# [Required action]
Pictures aside, print all of the data below exactly as written.

# [Given data]
------------------------------

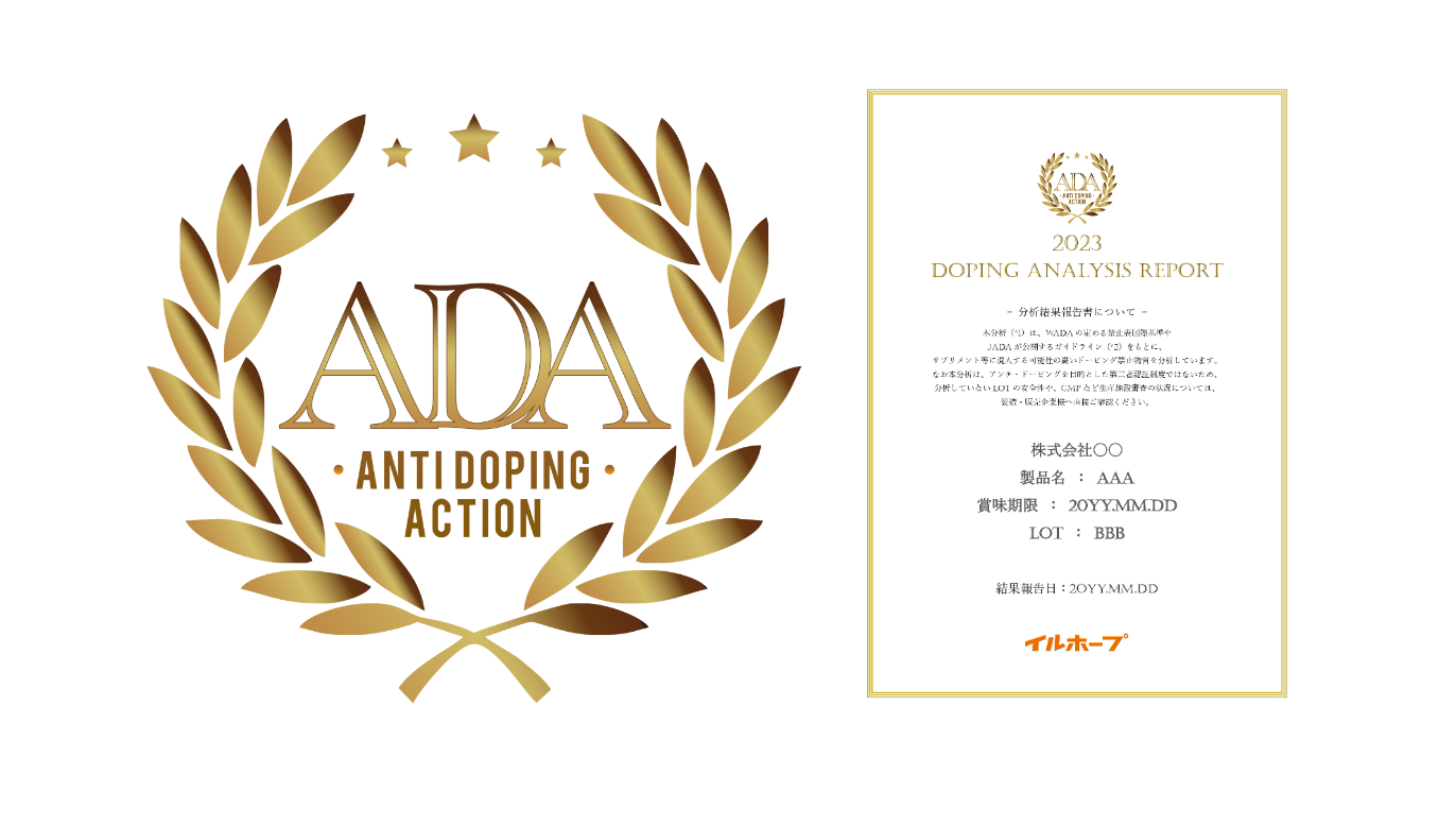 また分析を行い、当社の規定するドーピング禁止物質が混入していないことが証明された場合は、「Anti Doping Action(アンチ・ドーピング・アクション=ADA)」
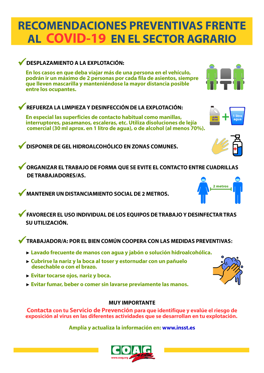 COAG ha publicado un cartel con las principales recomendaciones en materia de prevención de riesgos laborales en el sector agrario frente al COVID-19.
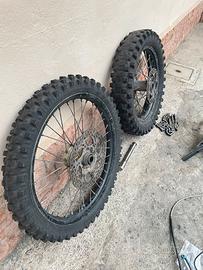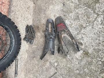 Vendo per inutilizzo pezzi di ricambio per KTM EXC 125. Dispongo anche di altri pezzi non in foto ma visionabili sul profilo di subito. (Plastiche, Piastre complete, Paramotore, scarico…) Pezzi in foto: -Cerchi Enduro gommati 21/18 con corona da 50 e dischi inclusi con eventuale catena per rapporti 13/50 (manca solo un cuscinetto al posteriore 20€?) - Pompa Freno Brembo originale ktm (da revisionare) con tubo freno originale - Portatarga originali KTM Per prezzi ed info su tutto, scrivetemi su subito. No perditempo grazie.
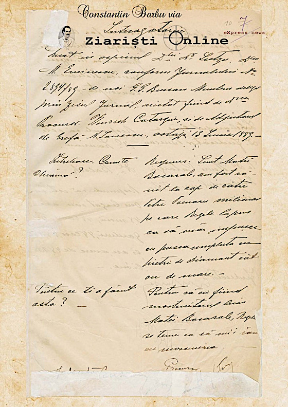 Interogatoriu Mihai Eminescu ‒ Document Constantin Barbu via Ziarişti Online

------------------------------

# [Answer to this task]
 また分析を行い、当社の規定するドーピング禁止物質が混入していないことが証明された場合は、「Anti Doping Action(アンチ・ドーピング・アクション=ADA)」
 COAG ha publicado un cartel con las principales recomendaciones en materia de prevención de riesgos laborales en el sector agrario frente al COVID-19.
 Vendo per inutilizzo pezzi di ricambio per KTM EXC 125. Dispongo anche di altri pezzi non in foto ma visionabili sul profilo di subito. (Plastiche, Piastre complete, Paramotore, scarico…) Pezzi in foto: -Cerchi Enduro gommati 21/18 con corona da 50 e dischi inclusi con eventuale catena per rapporti 13/50 (manca solo un cuscinetto al posteriore 20€?) - Pompa Freno Brembo originale ktm (da revisionare) con tubo freno originale - Portatarga originali KTM Per prezzi ed info su tutto, scrivetemi su subito. No perditempo grazie.
 Interogatoriu Mihai Eminescu ‒ Document Constantin Barbu via Ziarişti Online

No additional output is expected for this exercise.